PROBLEM DETAILS: Please return the lines below verbatim, beginning at the one that has "2021 Jeep Wrangler" and stopping after the one that has "Viera s brmbolcami, bordové", and add no other lines.

SUPPLIED DATA:
§ §

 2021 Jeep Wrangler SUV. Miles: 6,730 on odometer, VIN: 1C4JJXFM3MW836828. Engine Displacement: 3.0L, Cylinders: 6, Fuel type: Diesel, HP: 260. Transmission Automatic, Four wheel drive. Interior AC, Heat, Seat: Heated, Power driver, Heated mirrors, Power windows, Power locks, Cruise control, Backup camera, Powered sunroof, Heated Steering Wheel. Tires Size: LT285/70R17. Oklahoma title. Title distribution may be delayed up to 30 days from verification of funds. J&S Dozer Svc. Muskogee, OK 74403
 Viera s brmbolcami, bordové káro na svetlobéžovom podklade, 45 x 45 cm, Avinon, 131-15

§ §

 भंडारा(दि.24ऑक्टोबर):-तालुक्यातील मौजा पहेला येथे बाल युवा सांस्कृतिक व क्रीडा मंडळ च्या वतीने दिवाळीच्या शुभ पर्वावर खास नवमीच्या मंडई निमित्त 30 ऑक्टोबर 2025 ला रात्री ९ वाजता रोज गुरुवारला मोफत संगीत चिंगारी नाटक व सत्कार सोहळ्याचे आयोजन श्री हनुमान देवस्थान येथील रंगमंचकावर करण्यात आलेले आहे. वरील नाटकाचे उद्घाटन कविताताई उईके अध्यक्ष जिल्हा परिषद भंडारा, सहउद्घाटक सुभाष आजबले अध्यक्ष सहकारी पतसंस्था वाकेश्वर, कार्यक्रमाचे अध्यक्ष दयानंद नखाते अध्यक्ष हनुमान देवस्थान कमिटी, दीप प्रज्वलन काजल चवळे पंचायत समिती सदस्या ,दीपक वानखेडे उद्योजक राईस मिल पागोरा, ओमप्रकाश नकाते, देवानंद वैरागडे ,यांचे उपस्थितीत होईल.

§ §

EXERCISE RESULT:
 2021 Jeep Wrangler SUV. Miles: 6,730 on odometer, VIN: 1C4JJXFM3MW836828. Engine Displacement: 3.0L, Cylinders: 6, Fuel type: Diesel, HP: 260. Transmission Automatic, Four wheel drive. Interior AC, Heat, Seat: Heated, Power driver, Heated mirrors, Power windows, Power locks, Cruise control, Backup camera, Powered sunroof, Heated Steering Wheel. Tires Size: LT285/70R17. Oklahoma title. Title distribution may be delayed up to 30 days from verification of funds. J&S Dozer Svc. Muskogee, OK 74403
 Viera s brmbolcami, bordové káro na svetlobéžovom podklade, 45 x 45 cm, Avinon, 131-15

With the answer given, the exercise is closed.